American YouTuber and Twitch streamer (born 1999)

Clay (born August 12, 1999), better known online as Dream, is an American Minecraft YouTuber, Twitch streamer, Minecraft speedrunner, and musician primarily known for creating Minecraft content.

Dream has been active online since 2014, but did not gain substantial popularity until 2019, with the release of his Minecraft Manhunt series. Dream also gained notoriety for his Minecraft speedruns; however, several of his records were overturned due to evidence of cheating. Content created in the Dream SMP, Dream's invite-only survival multiplayer (SMP) Minecraft server that stars content creators engaged in roleplay, also attracted considerable attention, acclaim and a popular fandom.

==Entertainment career==

===2014–2019: Early beginnings and Minecraft===
Dream created his YouTube channel on February 8, 2014, under the username DreamTraps and started to upload content regularly in July 2019. The oldest accessible video on Dream's account involves him playing Minecraft deliberately poorly in order to "trigger" viewers. As of April 2025, the video has amassed 19 million views.

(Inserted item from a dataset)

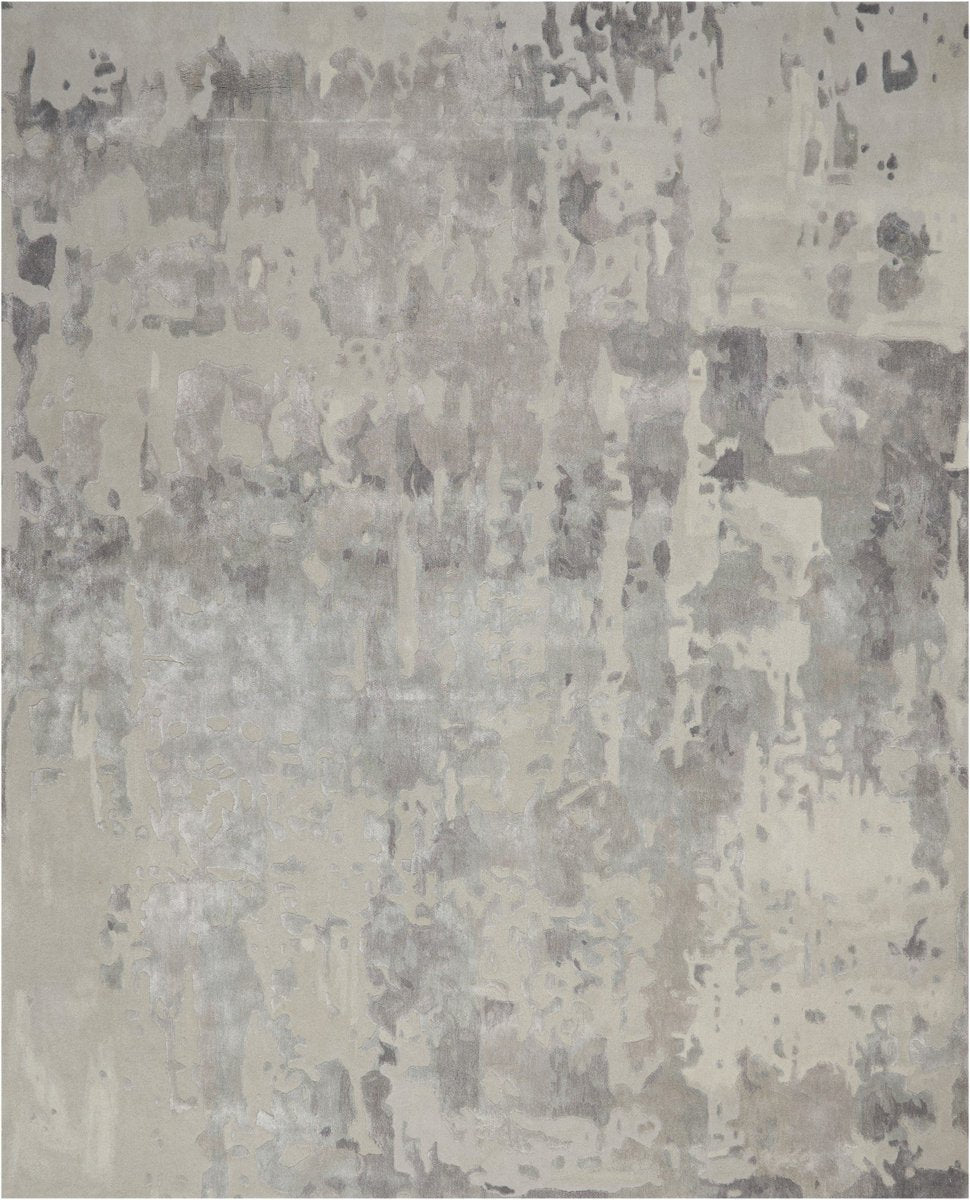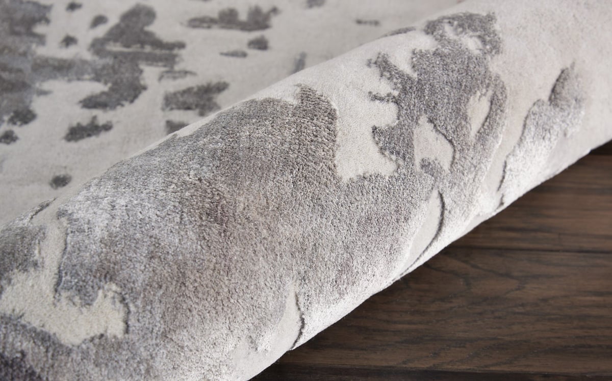 • A field of low-cut grey is dappled with a painterly abstract pattern in luminous silver, the pile height difference creating a drama of light and shadow across the surface. This contemporary area rug is especially versatile but far from ordinary.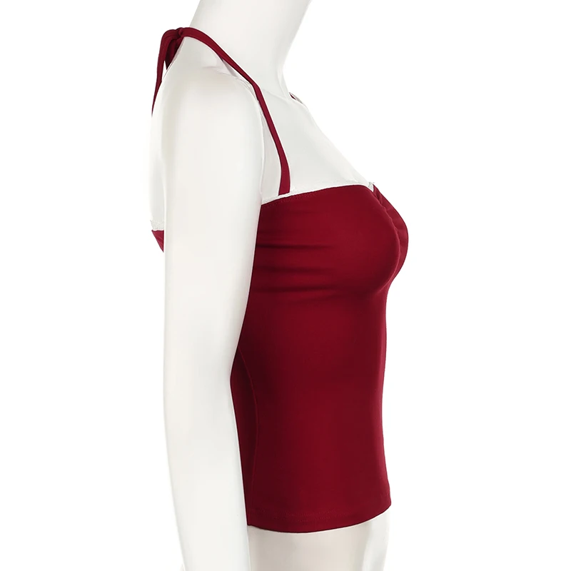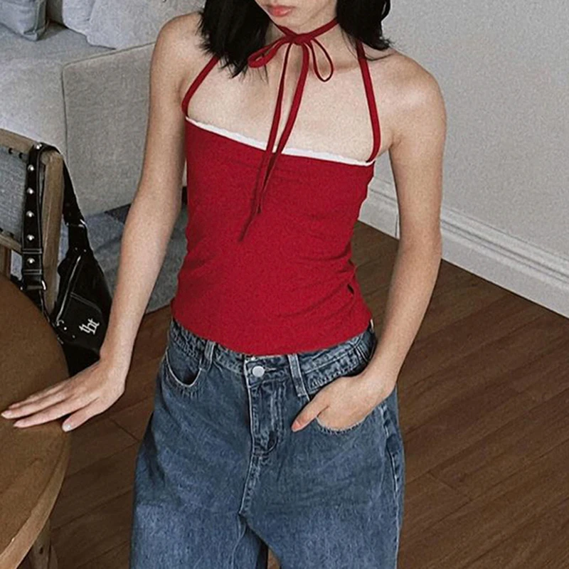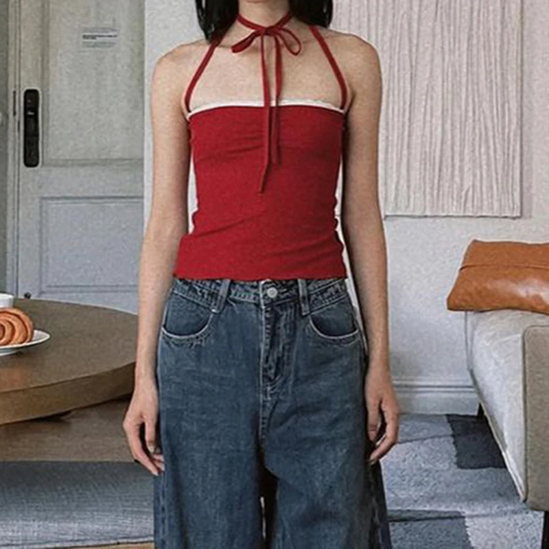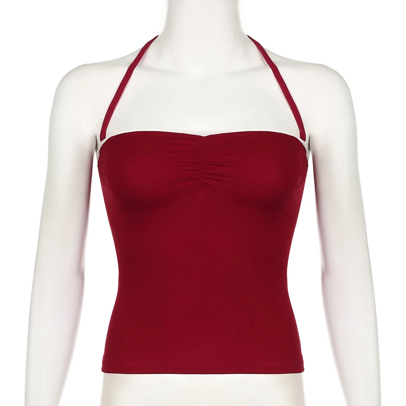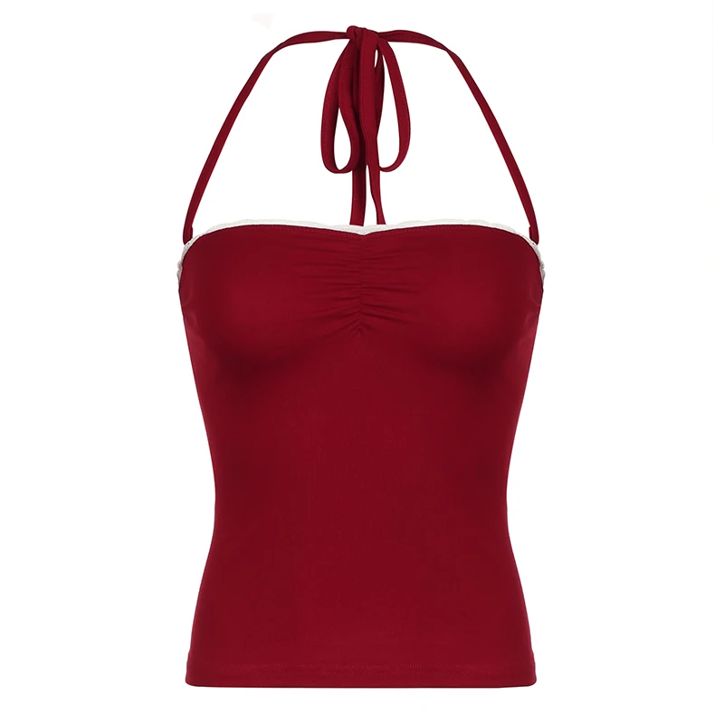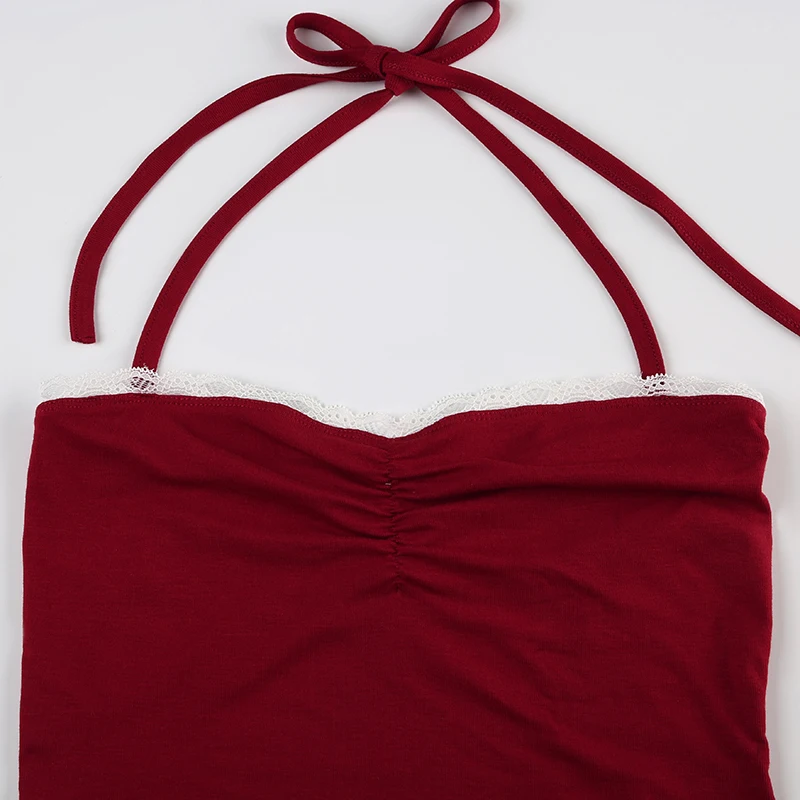 Fashion Red Lace Trim Folds Skinny Halter Top Summer Backless Off Shoulder Y2K Holidays Crop Top Sexy Women's Clothes

In July 2019, Dream figured out the seed of a Minecraft world YouTuber PewDiePie was playing on by using reverse engineering techniques that Dream learned from online forums. In November 2019, Dream uploaded a viral video titled "Minecraft, But Item Drops Are Random And Multiplied..." that has amassed 59 million views as of April 2025. In January 2020, Dream uploaded a video in which he and another YouTuber, GeorgeNotFound, connected an Arduino board to an electric dog collar, which emitted an electric shock whenever a player lost health in Minecraft.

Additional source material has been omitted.